Saloons in the Old West were not the ornate Victorian establishments often depicted in Hollywood movies. That’s The Long Branch above, a famous saloon in Dodge City, Kansas during the years of the great cattle drives. A bar might have, like The Long Branch, an ornate carved bar with a big mirror and perhaps a painting of a naked woman behind it, but otherwise it was just a kind of shed with some tables and chairs in it. Often it was no more than a tent with bar furnishings set up inside.
Bars in the Old West sometimes offered music and dancing but almost never had stages for entertainers to perform on. Dance halls were very similar, only with more floor space for the dancing, and they also often occupied tents. Below is the Varieties dance hall in Dodge City:
Dance hall girls were not tricked out ornately either, like the saloon entertainers in Hollywood Westerns, and they didn’t perform as solo dancers or in chorus lines. They danced with the men in the hall, usually while negotiating other services to be performed back where they lived, in boarding houses or tents in a separate part of town, to which prostitution was relegated.
Above is Squirrel Tooth Alice, a famous dance hall girl in Dodge City during the cow town years, in a formal portrait probably used for advertising purposes. She had a gap between her two front teeth and liked to keep prairie dogs as pets — thus her moniker. The Alice I can’t explain — her real name was Libby Thompson.

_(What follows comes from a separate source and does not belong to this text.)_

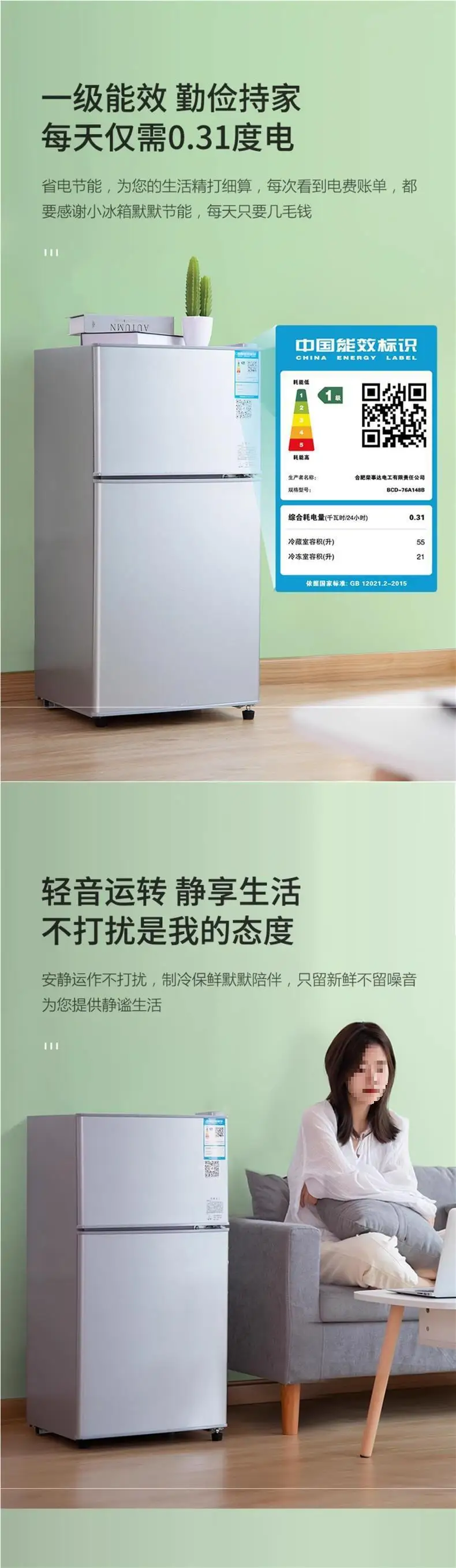 BCD-58 Double Doors Top Freeze Refrigerators House Hold Mini Fridge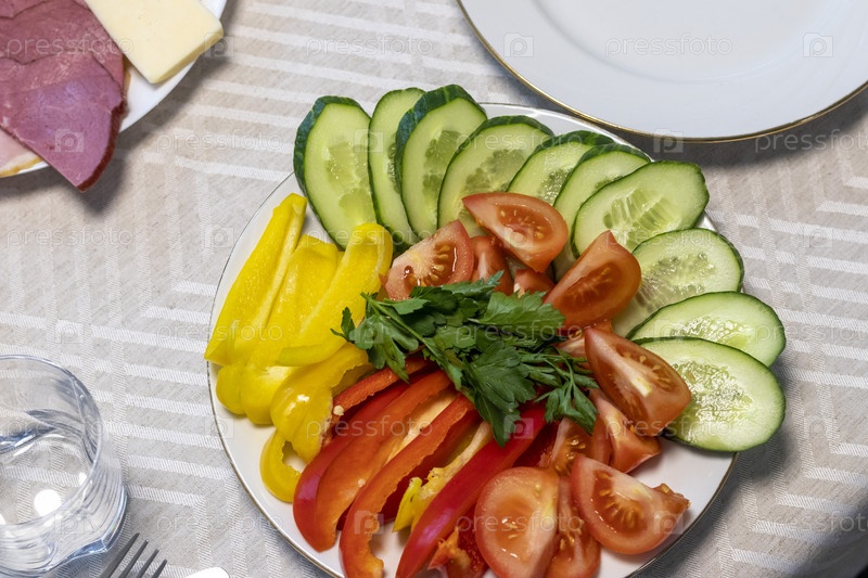 Фотография стола, накрытого разнообразными нарезанными свежими овощами, мясным ассорти, оливками, салатами. Праздник

For the most part, prostitution was not legal in the Old West but it was taxed in the form of “fines”, which was really just a system of licensing. Many towns received the bulk of their income from fines for prostitution — they literally couldn’t afford to run the ladies off.
Surprisingly, saloons and dance halls in the Old West offered a rather sophisticated variety of spirits, freighted in from back east and even from abroad. Fine Bourbons and French wines could be had in the bars of towns of almost any size — any place where a gambler or cowboy or drummer with some coin in his pockets might turn up. Ice was also freighted in so that the saloons could serve cold beer.
Men of the Old West might not have cared much what a bar looked like, but they wanted the finest liquor they could afford in their glasses.